I think there is a way to accomplish both goals. One can compare two turntables by making digital recordings for quick and easy direct comparisons and also describe which turntable sounds more like real music and why. And then the reviewer can go into why the other turntable does not sound as much like real music. The problem, as I see it, is that the reviewer's job is easier and the writing seems more interesting and full of content when everything is broken down into parts and sonic attributes rather than a comparison to the larger picture of the sound of music. And the reader has been conditioned to understand the sound of components and systems by these attributes and the glossary of terms.
I think there is a real opportunity here, with some effort, to reexamine how reviews are approached and what they should communicate.
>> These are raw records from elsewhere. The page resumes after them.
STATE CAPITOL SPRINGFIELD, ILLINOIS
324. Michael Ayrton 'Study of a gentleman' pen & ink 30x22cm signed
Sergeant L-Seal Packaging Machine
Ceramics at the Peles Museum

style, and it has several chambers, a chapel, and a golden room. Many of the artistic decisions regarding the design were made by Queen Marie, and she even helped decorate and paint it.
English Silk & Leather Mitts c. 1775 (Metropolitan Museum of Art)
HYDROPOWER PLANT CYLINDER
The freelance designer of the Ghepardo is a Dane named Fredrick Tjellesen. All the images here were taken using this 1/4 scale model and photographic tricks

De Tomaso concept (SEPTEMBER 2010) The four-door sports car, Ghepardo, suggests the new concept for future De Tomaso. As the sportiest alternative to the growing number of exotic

It is a real challenge and I am skeptical that such a shift will take place, but it is possible, IMO. Car and appliance reviews are about performance, function, build quality and sometimes aesthetics. Audio gear reviews can be about those things too, but they can be be about much more. Audio gear and systems are tools to help us experience a music performance from the past. It is about emotion and art and the appreciation of greater things. We all share the reference to live music, and audio reviews should help us to understand whether or not the reviewer thinks the product under review brings us closer to the sound of real music.
What does the "blacker background" of one turntable compared to another really tell us about how a component brings a system closer to the sound of the real thing? It may seem that one turntable is more forensic in its analysis of the information in the grooves, but it can also mean that it is more damped than the other table. It does a better job of eliminating noise that can obscure resolution. However, if eliminating noise is the result of overdampening a component, it may also obscure information like the ambient energy that remains in space after the bow touches the strings of a cello and the body amplifies the vibrations. As long as that energy exists in the hall and can be heard by the audience, there is no black background.
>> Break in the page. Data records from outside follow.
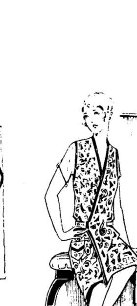
3137.—A handy little Apron or Overall, light for summer and suitable for house wear. This proves a dainty present, either made up in cretonne or linen, bound with a contrasting color, or even gingham would look well. Sizes obtainable are 36-38 and 40-42 inch bust.
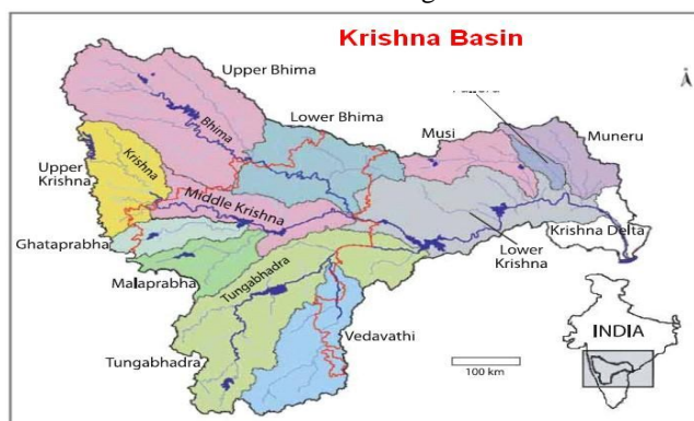
Fig. 1 Location of Krishna River Basin

Below Wai, the valley widens out, and on the right bank, is joined by the leading tributaries Kudali Vena, Urmodi and Tarali. The valley floors are well-cultivated and well-populated, the streams draining in the valleys have carved out small amphitheatres into the sides of the intermediate ridges. The sides of these ridges are generally bare but carry poor grass and scrub, and are usually given to grazing, and some of the tops carry the ancient fortified sites like Vairatgad.
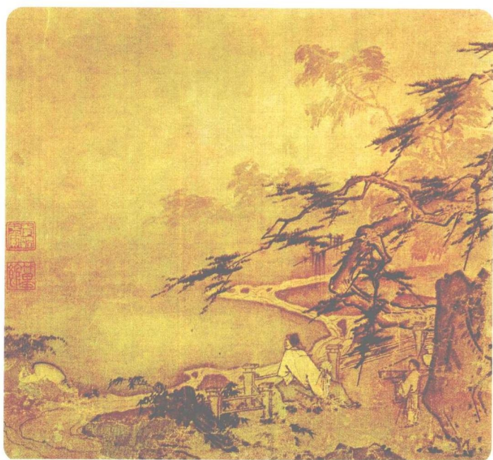
A landscape painting, by Ma Lin (Song Dynasty, 960-1279)
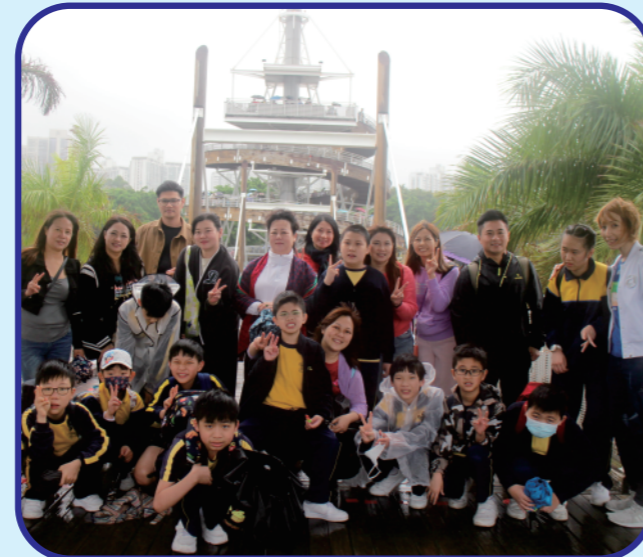
School picnic at long last
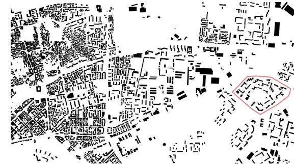
Trakiya in Plovdiv (BG)

The audience waits to applaud as the conductor very slowly lowers his arms at the end of the final movement. I have often thought that this is because the conductor is waiting for the last remnants of energy to dissipate and turn to silence marking the end of the piece. This takes time. I almost never hear that silence anywhere during the music, not even between movements when there is shifting and motions from the musicians and audience. Total silence in a concert hall is rare.
I want to read why a reviewer thinks blacker backgrounds are good, and what they have to do with the live listening experience. Is it because the component does a better job of lowering noise? Does it increase natural resolution? Or do the starker images and bolder sound come at the expense of the subtler stuff, the stuff that makes us think the reproduction is alive and real?
In a good concert hall, I hear music clearly, but it is not the clarity that comes from seeing more detail under a microscope's lens. It is the clarity of the energy from the instruments coming together to form the bigger picture of the music's message. It is the beauty of a great orchestra playing well together. It is the genius of the composer interpreted by the conductor and musicians. I want to know which turntable gets me closer to that and why.